Goal of the exercise: Please repeat, exactly and without pictures, the lines of the entries below that run from the one containing "EXPLAIN SELECT *" through the one containing "La memoria USB".

Records for the exercise:
|---|
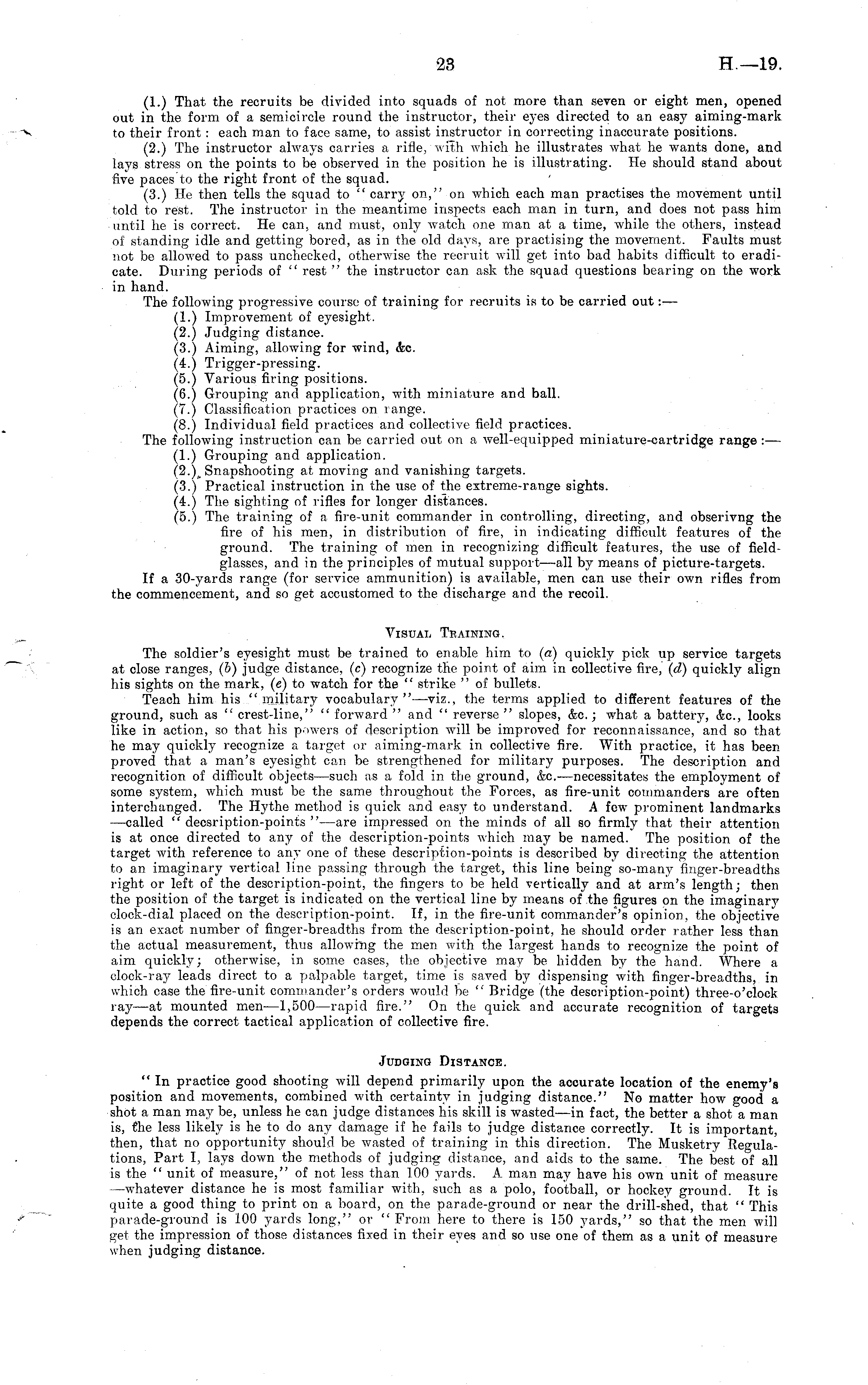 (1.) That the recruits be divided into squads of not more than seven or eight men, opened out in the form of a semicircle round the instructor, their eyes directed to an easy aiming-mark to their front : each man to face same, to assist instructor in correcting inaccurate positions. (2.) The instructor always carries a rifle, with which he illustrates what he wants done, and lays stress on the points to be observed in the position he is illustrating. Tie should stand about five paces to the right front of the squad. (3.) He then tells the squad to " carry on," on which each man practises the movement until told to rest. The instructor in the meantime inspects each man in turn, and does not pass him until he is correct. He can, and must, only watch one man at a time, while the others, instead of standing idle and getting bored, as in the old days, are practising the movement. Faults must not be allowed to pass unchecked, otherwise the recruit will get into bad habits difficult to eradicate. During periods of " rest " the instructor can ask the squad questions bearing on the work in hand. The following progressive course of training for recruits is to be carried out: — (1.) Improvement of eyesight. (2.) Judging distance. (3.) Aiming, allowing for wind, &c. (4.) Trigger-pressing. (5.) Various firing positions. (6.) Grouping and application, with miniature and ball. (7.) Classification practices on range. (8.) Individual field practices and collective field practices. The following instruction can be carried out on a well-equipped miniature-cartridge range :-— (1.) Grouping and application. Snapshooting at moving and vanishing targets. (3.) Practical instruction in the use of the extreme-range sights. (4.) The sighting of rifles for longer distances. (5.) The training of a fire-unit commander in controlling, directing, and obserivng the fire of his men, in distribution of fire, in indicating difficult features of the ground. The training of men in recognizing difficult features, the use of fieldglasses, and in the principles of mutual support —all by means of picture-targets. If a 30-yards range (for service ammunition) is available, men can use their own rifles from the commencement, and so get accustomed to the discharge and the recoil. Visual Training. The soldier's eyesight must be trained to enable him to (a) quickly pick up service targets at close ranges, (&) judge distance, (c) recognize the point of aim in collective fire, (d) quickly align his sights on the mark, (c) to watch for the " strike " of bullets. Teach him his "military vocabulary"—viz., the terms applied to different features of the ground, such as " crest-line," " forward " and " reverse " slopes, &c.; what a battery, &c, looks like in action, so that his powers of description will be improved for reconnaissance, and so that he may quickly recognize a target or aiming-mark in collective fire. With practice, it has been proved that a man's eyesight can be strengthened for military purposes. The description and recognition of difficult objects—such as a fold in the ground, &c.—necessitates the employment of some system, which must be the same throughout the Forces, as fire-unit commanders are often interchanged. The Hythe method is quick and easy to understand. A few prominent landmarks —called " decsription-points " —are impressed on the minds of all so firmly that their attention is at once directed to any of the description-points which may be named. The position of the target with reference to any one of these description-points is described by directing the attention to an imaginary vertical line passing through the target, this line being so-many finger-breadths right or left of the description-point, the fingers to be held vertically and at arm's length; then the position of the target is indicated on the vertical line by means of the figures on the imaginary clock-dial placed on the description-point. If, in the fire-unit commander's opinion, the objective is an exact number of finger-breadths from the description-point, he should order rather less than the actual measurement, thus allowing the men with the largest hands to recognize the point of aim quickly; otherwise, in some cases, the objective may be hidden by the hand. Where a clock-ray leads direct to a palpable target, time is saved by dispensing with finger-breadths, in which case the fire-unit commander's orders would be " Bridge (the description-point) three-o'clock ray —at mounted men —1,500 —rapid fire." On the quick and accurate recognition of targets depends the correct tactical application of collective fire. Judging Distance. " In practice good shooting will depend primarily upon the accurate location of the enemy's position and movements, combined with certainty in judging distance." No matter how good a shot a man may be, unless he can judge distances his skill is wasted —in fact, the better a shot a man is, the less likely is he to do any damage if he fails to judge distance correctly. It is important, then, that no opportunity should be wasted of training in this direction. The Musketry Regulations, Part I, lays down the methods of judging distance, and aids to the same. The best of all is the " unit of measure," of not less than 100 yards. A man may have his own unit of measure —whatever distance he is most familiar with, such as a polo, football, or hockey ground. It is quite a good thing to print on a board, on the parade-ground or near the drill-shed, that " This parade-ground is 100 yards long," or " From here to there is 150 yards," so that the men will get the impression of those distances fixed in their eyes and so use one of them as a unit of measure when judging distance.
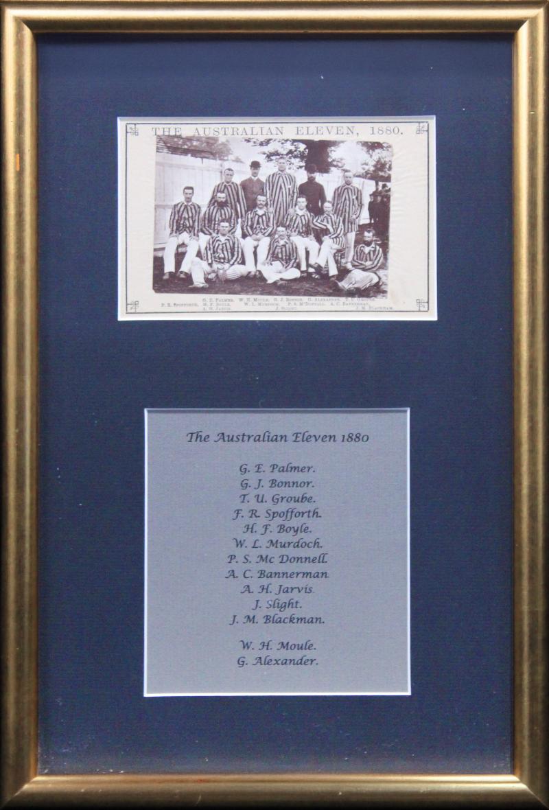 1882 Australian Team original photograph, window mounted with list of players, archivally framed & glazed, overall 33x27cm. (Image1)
|---|
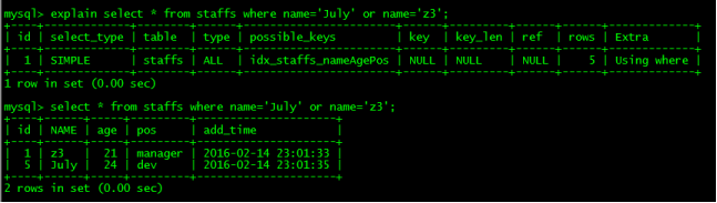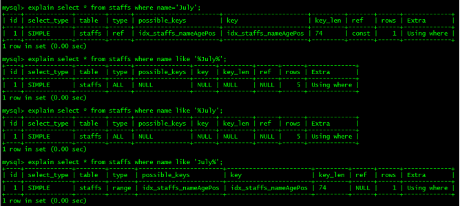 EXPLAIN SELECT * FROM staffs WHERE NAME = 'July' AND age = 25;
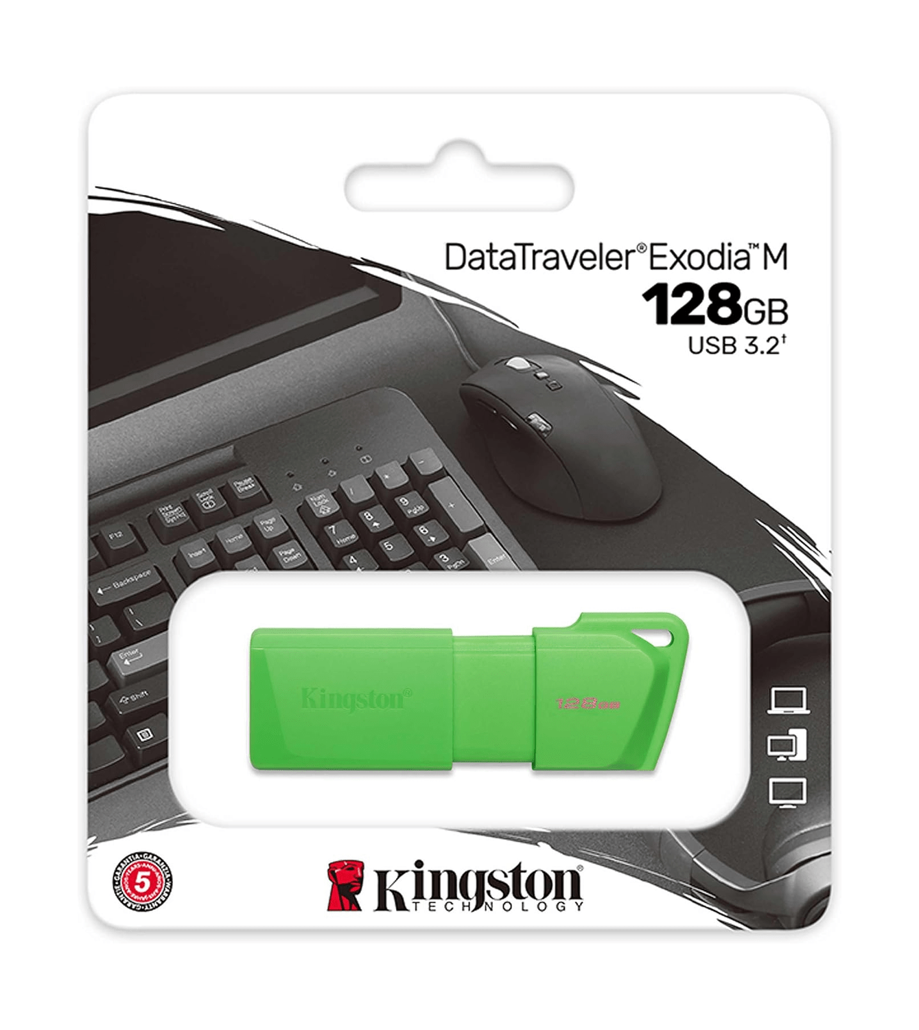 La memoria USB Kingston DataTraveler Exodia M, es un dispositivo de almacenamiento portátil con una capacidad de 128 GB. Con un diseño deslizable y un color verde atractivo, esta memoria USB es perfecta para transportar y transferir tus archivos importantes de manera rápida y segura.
|---|
Expected answer:
 EXPLAIN SELECT * FROM staffs WHERE NAME = 'July' AND age = 25;
 La memoria USB Kingston DataTraveler Exodia M, es un dispositivo de almacenamiento portátil con una capacidad de 128 GB. Con un diseño deslizable y un color verde atractivo, esta memoria USB es perfecta para transportar y transferir tus archivos importantes de manera rápida y segura.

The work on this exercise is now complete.